James Hardie shares have lost $3bn and counting since it announced its “friendly” purchase of US rival Azek almost three weeks ago, at a 37 per cent premium to the target’s pre-offer price.
The Australian can reveal the deal comes with a record reverse break fee of $US272m ($450m) if it fails to complete. As if the price weren’t problematic enough, James Hardie has structured the transaction in a way that blocks Australian shareholders from having their say.
Investors are furious they’ve been circumvented from voting on the deal, and can’t call an extraordinary general meeting in time to fire the board because while it’s listed in Australia and loaded with superannuation funds such as AustralianSuper, James Hardie is domiciled in Ireland.
“There are bad acquisitions done in earnest, but I don’t think I’ve seen a more contrived acquisition as this,” says David Pace from Greencape Capital. Pace is not known for outspoken shareholder activism but says in 31 years he has never witnessed “such disdain for shareholders” than in this transaction.
The US is already James Hardie’s biggest market and it’s doubling down on the economy even as President Donald Trump pushes it closer to a recession. A recession would be doubly bad for James Hardie and Azek, which both supply building materials.
James Hardie will help fund the leveraged transaction by issuing new shares (35 per cent) and received a waiver from the ASX to avoid a shareholder vote. After the deal completes it will move its primary listing to the New York Stock Exchange.
“It’s a combination of not getting a vote, making an acquisition that is clearly uneconomic, board appointments that at best are questionable … it’s a fast-tracked way to make the New York Stock Exchange the primary listing, and with that comes lesser hurdles as it pertains to remuneration for executive management,” says Pace.
There have been few deals that the market has loathed as much as the James Hardie takeover of Azek. One was Perpetual’s takeover of Pendal, and before that, Wesfarmers’ top-of-market takeover of Coles.
But as anger mounts, US-based James Hardie chief executive Aaron Erter, who was paid $US21.7m last year, appears unapologetic.
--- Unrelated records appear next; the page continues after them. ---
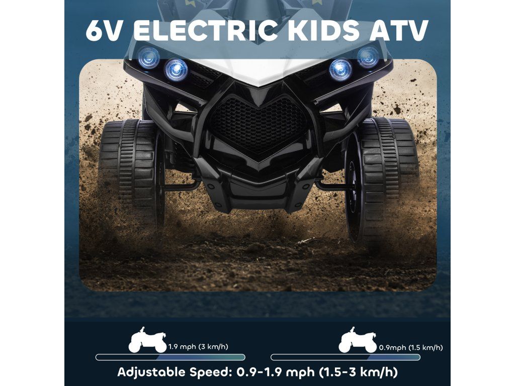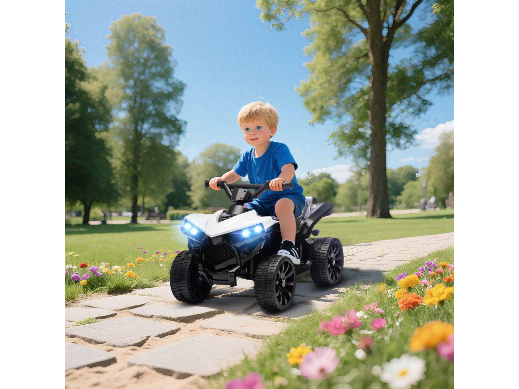 AIYAPLAY Dětská elektrická čtyřkolka 6V s funkcí jízdy vpřed a vzad, hudbou, LED světlomety, bílá
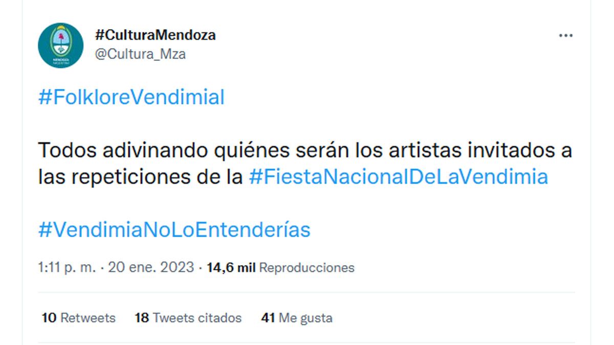 La ministra hizo el esperado anuncio por Twitter desde España, donde participa de la Feria Internacional del Turismo, minutos antes de llevarse adelante una conferencia de prensa para dar detalles de los artistas invitados para la primera y segunda repetición de la Vendimia 2023.
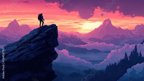 A hiker stands on a mountain peak, looking out over a vast, misty valley. This image captures the feeling of accomplishment and the beauty of nature.
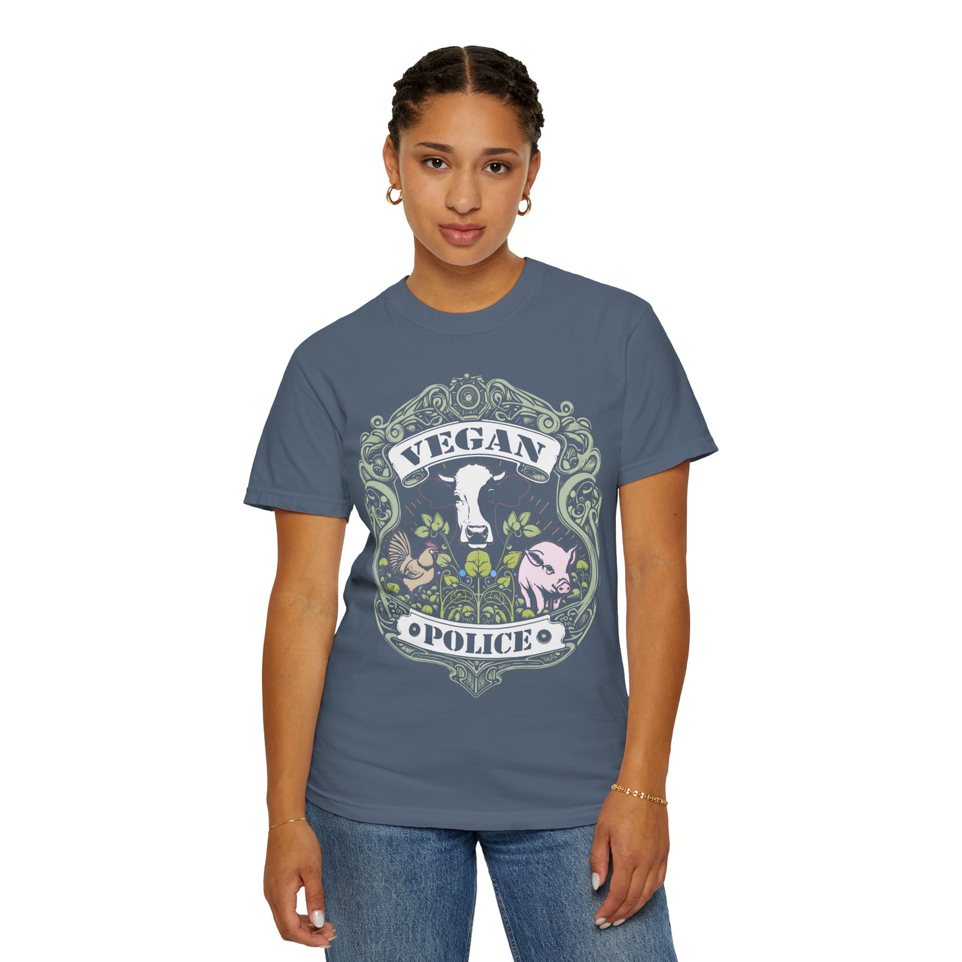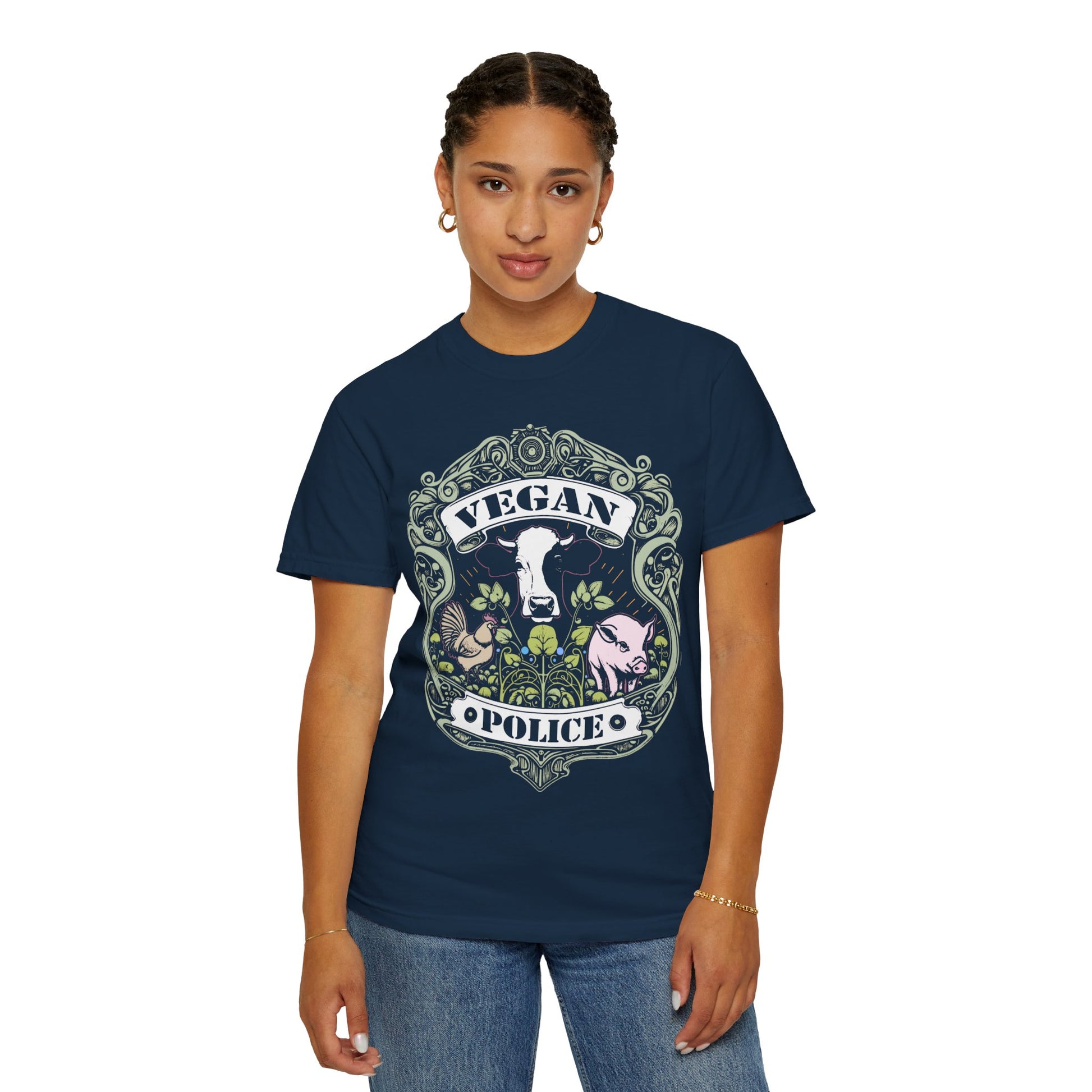 Enforce compassion, not cruelty with our "Vegan Police" Tee Shirt! This bold design features a cow, pig, and chicken, symbols of the animals we aim to protect. Available in darker hues, this tee exudes authority and commitment to ethical living. Crafted from high-quality vegan materials, it's not just a statement; it's a lifestyle. Wear it proudly to advocate for animal rights and spread awareness wherever you go. Join the force for kindness and make a fashion statement with purpose!

Erter would not respond to written questions on whether he is a close personal friend of the chairman of Azek, Gary Hendrickson, or fellow Azek board member Howard Heckes, both of whom he previously worked with at US paint company Valspar, and both whom will now join the James Hardie board.
It has all the hallmarks of a boys club deal that puts personal connections ahead of shareholders, high-net-worth adviser Alex Pikoulas from Munjarra Capital believes.
“I feel like they’ve overpaid for this transaction and then we feel hoodwinked by the fact they’ve been able to get away with overpaying by getting around the requirements of a shareholder vote,” Pikoulas says.
Leaving nothing to chance, James Hardie buried its $US272m break fee on page 130 of one of four sets of documents released as part of the takeover announcement three weeks ago. It is 17 per cent higher than the previous record fee agreed on a deal twice as big: Square’s $39bn acquisition of Afterpay.
Due diligence
Azek shareholders will get to vote on the transaction and will not pay any break fee if the deal does not proceed.
It’s not just the sharemarket collapse that makes the deal less attractive by the day, but the apparent lack of due diligence around it.
Pace had owned James Hardie shares for more than 30 years, but sold down his position after grilling US-based chair Anne Lloyd and chief financial officer Rachel Wilson for more details and coming back unconvinced.
“When I pushed the chair on the type of due diligence they did there, she could offer up nothing specific,” says Pace. “They’ve spent a lot more time on the deal architecture than they have due diligence on this business. The CFO could not tell me what Azek’s cost base was. The CFO could not tell me the intangibles on its balance sheet. That’s extraordinary.”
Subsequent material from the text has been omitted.